Open the web chat UI automatically in your default browser:

rag serve --open

The server reads your raggity.toml and uses the same auth, embedding, and retrieval settings as the CLI.


Web chat UI

GET / serves a self-contained single-page chat UI — vanilla JS, no build step, no CDN required. It:

  • Streams answers from /ask/stream via EventSource
  • Keeps a session_id in memory across the tab's lifetime
  • Renders a "Sources" list from the terminal SSE done event

REST endpoints

GET /

Returns the web chat UI (HTML).

POST /ingest

Trigger incremental indexing.

curl -X POST http://localhost:8000/ingest

POST /ingest/content

Ingest caller-supplied documents directly (no server-side file access needed). Requires auth when enabled, and ingests into the caller's own namespace when server.per_user = true. Body: {"documents": [{"path": "...", "text": "...", "title": "..."}]}. Returns {"ingested": <n>}.

curl -X POST http://localhost:8000/ingest/content \
  -H "content-type: application/json" \
  -H "X-API-Key: $KEY" \
  -d '{"documents": [{"path": "note1.md", "text": "Backups run nightly at 2am."}]}'

POST /ask

Ask a question. Returns JSON with answer, abstained, citations, and optionally session_id.

# Stateless single-turn
curl -X POST http://localhost:8000/ask \
  -H "content-type: application/json" \
  -d '{"question": "How do I set up a new dev environment?"}'

With a session:

curl -X POST http://localhost:8000/ask \
  -H "content-type: application/json" \
  -d '{"question": "What are backups?", "session_id": "abc123"}'

POST /chat

Stateful chat endpoint. Always creates or reuses a session. Returns session_id.

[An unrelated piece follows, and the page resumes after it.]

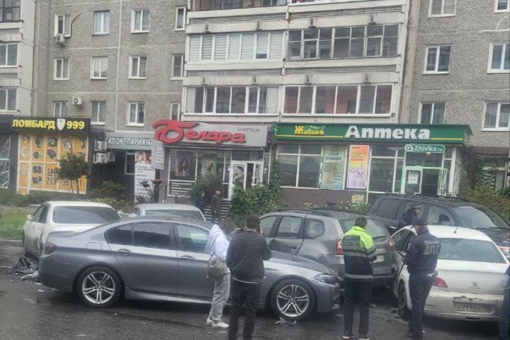 В Екатеринбурге водитель BMW врезался в пять припаркованных автомобилей на улице Родонитовой. ДТП произошло ранним утром 11 сентября.

SID=$(python -c "import uuid; print(uuid.uuid4().hex)")
curl -X POST http://localhost:8000/chat \
  -H "content-type: application/json" \
  -d "{\"question\": \"What are backups?\", \"session_id\": \"$SID\"}"

GET /ask/stream

SSE streaming answer. Yields data: delta chunks as tokens arrive, then a terminal event: done with a JSON payload containing citations (and session_id when provided).

# Stream a response
curl -N "http://localhost:8000/ask/stream?question=What+are+backups%3F"

# Stream with session
curl -N "http://localhost:8000/ask/stream?question=What+are+backups%3F&session_id=$SID"

SSE event format:

:ok

data: Hello

data:  world

event: done
data: {"citations": ["source.md"], "session_id": "abc123"}

Both the stateless and the session (session_id) paths stream true incremental token deltas. The stream opens with a :ok comment and is sent with Cache-Control: no-cache and X-Accel-Buffering: no, so it passes through nginx-style reverse proxies without being buffered. Newlines inside a delta are framed as consecutive data: lines per the SSE spec.

DELETE /session/{id}

Discard a conversation session from server memory.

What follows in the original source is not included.